Comments on the thread (and a lot of you know a WHOLE lot more about material science than I do and thanks very much for sharing your knowledge here )and my own observations. I ve had problems with ballast keels before. My last boat, a 48' aluminum ketch.....had lead inside the ballast keel. The lead was bedded in epoxy. There was also a diesel tank in the keel. What was not readily apparent was that, there was no separation between the lead area and the tank area i.e. no floor plate in the tank. We found this out, in process of the first bottom job I did in her, when we discovered (and we did not discover this during the initial survey) an area about the size of the hemisphere of a golf ball on the lower leading edge of the keel (she was fin keeled) filled with what looked like an old epoxy misture called Red Hand. I decided to chip the Red Hand out (better to know than not , right??) and well the worst you can imagine happened, diesel started to ooze from a small crack. Apparently she had been grounded or sailed into something at one point before I purchased her really hard....to put this dent in the keel. You can imagine what a job it was to get that area clean enough to weld that crack up in the aluminum. The crack was below the tank, in the ballast area. What ensued was a difficult time of draining, cleaning, welding and pressure testing to finally get things tight and it took a LOT of work......so I have reservations about what can happen (this was the only boat I ve ever owned that was owner built). The worst part of it was when we discovered that we didnt have enough containers to catch what might ooze out of the hole before we could get someone to pump the tank to empty.... we were only about 30 ' from the water (downhill from where the boat was of course) and in a yard that had a somewhat hostile attitude toward do it your selfers. Fun times.

On the back side of this I ve seen and sailed in some perfectly beautiful owner built vessels, some much prettier and with much better workmanship than I ve ever seen a yard produce.....in both aluminum, steel and ferrocement. I think someone who builds with the idea of going cruising is going to do things carefully because after all ones life depends on it right??

Many thanks for the input here and for making me welcome. Were I a little younger (Im 57) I might attempt to build from scratch. I say this because after having owned 5 different boats, I find what I consider good designs for passage making are absent in what a lot of commercial designers (even of metal boats) incorporate. I did spend 5 years refitting a 42' ca. 1936 Alden Cutter (ribs, floors, keel bolts, interior &c) but have never built from scratch. I dont know that I would attempt such a project at 57. Were I to do so and could that I afford it, I probably would attempt it in aluminum with steel as a very close second.

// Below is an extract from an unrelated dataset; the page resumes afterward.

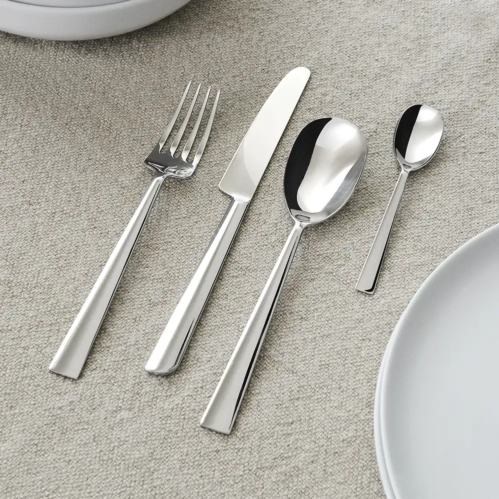 Das Asta Besteck wurde von Alessi 2025 nach dem Entwurf von Alessandro Mendini aufgelegt. Die 24teilige Besteckgarnitur umfasst Esslöffel, Gabel, Messer sowie Kaffeelöffel für jeweils sechs Personen, die Lieferung erfolgt in einer Alessi Geschenkverpackung.

Finally where I live here in Veracruz Mexico, there are problems with concrete porosity. Typical construction is vertical column with brick infill and a thin layer of concrete over the outside. Here by a warm ocean, its typical in a new home to have sweating walls, concrete cracking away from the rebar in the columns and mildew stains on the inside of exterior walls no matter whether the outside is above or below grade. It s a mess. Older construction is worse. Quality control on concrete here is poor to absent. I ve seen many people build good sized homes by mixing the concrete up, a bucket at a time, on trhe edge of the street in front of the construction site. Ready mix or trucked concrete is by far the exception in this part of the world.

Again many thanks to every one here for the information and interest.

Carr

 

If the keel cavity was treated with tar, epoxy or other good coating, it doesn't matter if the concrete gets wet. If it wasn't and it is still dry, you can either weld plates to cover everything, fiberglass/epoxy or use a flexible coating. A coating of tar-epoxy or chlorinated rubber would work well.